Glazunov Symphony No. 1 in E major, Op. 5 ‘Slavyanskaya’

April 26, 2011

I’ve taken a keen interest in the first symphonies of composers and have found a wide variance in the maturity level ranging from a student exercise like the Youth Symphony of Rachmaninoff to Mahler whose first symphony in my humble opinion is his finest of the 10. Others such as Bruckner and Beethoven didn’t reach their supreme level until their 9th Symphony. Some such as Wagner wrote one and retired from doing anymore. Glazunov was a composer that leaned toward the side of greatness early on and maintained it through his entire life.

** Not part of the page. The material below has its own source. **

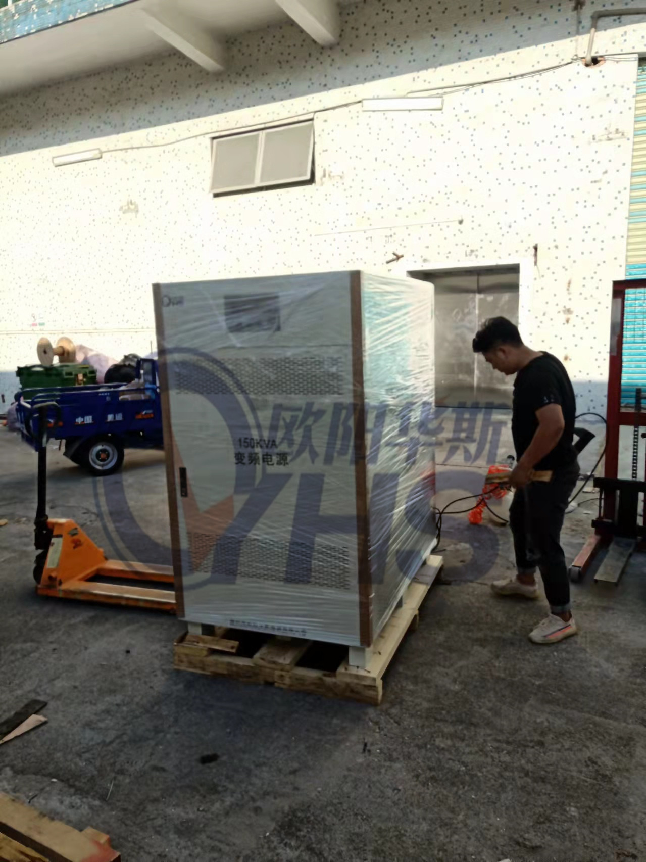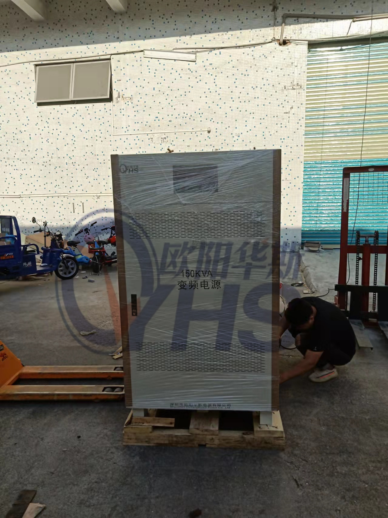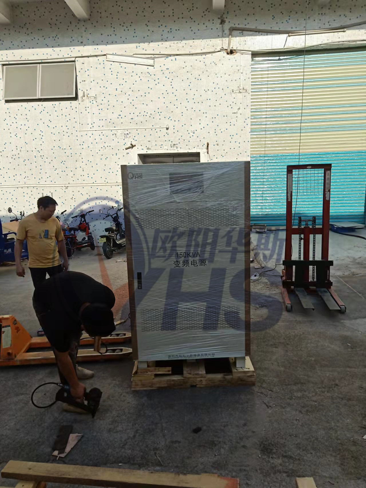 欧阳华斯三相150KVA变频电源出货海南,输出三相440V 60HZ,带设备调试使用。

The premiere performance of the 1st symphony was conducted by Balakirev in 1881 and the audience was quite surprised to see a sixteen year old teenage boy in school uniform taking the bow as the composer. Even more surprising is that this was his fifth work! Many years ago I had the opportunity to listen to it on a Vox/Turnabout recording and I immediately took a liking to it as well as the other recordings of this fine composer. Many feel that he has taken a back seat to Tchaikovsky, Rimsky-Korsakov, and Rachmaninoff but I put him on an equal footing with those mentioned. His 1st Symphony is on the same maturity level as those I spoke of and while I won’t put him in the same category as the Classic Symphony of Prokofiev or the extraordinary Shostakovich 1st it is still one that I return to listening to on a somewhat regular basis. As a result of this work and ones by Rimsky-Korsakov Mitrofan Belyayev began his publishing career enabling Russian composers to benefit from international copyright agreements.

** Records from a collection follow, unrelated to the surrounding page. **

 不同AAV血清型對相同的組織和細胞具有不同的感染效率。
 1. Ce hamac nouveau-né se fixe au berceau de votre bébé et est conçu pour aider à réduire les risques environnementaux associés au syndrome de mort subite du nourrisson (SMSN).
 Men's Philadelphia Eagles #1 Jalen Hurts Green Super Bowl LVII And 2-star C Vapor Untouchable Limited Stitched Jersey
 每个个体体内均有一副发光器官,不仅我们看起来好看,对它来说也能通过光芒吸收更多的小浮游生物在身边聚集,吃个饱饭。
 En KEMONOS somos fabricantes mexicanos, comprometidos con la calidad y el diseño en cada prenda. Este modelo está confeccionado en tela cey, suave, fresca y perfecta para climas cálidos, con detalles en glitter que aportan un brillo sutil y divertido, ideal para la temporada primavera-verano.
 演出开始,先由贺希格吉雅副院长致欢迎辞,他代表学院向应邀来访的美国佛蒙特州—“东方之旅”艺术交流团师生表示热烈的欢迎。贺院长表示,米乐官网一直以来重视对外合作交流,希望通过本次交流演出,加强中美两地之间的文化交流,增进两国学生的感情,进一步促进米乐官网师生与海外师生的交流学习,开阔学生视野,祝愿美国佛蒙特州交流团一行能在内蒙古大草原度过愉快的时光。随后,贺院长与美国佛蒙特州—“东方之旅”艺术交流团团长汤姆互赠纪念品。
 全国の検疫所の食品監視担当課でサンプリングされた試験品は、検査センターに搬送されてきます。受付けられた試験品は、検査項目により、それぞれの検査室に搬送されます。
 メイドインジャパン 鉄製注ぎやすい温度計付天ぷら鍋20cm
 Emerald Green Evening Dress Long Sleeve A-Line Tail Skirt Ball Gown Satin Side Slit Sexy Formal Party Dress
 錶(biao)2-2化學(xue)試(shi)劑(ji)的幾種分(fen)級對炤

While one can hear the influences of other composers especially Borodin and Balakirev the young Glazunov was also establishing his own sound. The first movement, an Allegro starts the symphony off on a very upbeat happy note. The happy C major key takes front and center and one immediately can hear the maturity from such a young composer. The Scherzo is very bright and this is one movement where I could definitely hear the influence of Borodin. It is short but well developed. The Adagio theme, a Slavic melody is introduced by the bassoon and clarinet in a somber funeral like pace. E minor is the key and the horn and clarinet offer moments of reflection along with the sadness of the bassoon throughout the movement. The Finale is back to an Allegro with lots of interplay between strings, brass, and the reed section. It too offers a Slavic theme making the name Slavyanskaya quite appropriate.

The Moscow Symphony under the direction of Alexander Anissimov do an adequate job and the Naxos recording offers value as well as a good digital naturally recorded sound. I found the 4th movement to be flat and uninspired when compared to other recordings.

The Svetlanov recording is part of a six CD set (#41) from Warner Classics and while the recording is a bit on the bright side the Russian State Symphony Orchestra conducted by Svetlanov gives a vivacious performance. You can feel the energy. As this part of a six CD set you’ll have to want all of the symphonies.

Naxos 8.553561 or Warner Classics #41

Track Listing:

1….Allegro (11:07)

2….Scherzo: Allegro (4:51)

3….Adagio (9:24)

4….Finale Allegro (9:58)

Total Time is 35:32

 

The older recording on the Vox Box( CDX 5118) came from a 1979 recording on the Melodiya label with Vladimir Fedoseyev conducting the USSR TV & Large Symphony Orchestra. It doesn’t benefit from being recorded digitally and the overall sound quality suffers as a result. It has a shrill and is on the bright side with little bass to compensate for it. There is some glitch where it hesitates before starting. Like it wants to cough and then gets going. It is very brief but annoying at the beginning of the first movement. There is a tonal change a few seconds later where it becomes muddy and then reverts back. While I can feel the enthusiasm of the orchestra I found the Adagio to be rushed (7:49 compared to 11:23 for the Svetlanov), too much treble and not spacious at all with very tight recording. It was like listening to two completely different works with the same main theme. Can’t recommend this recording at all.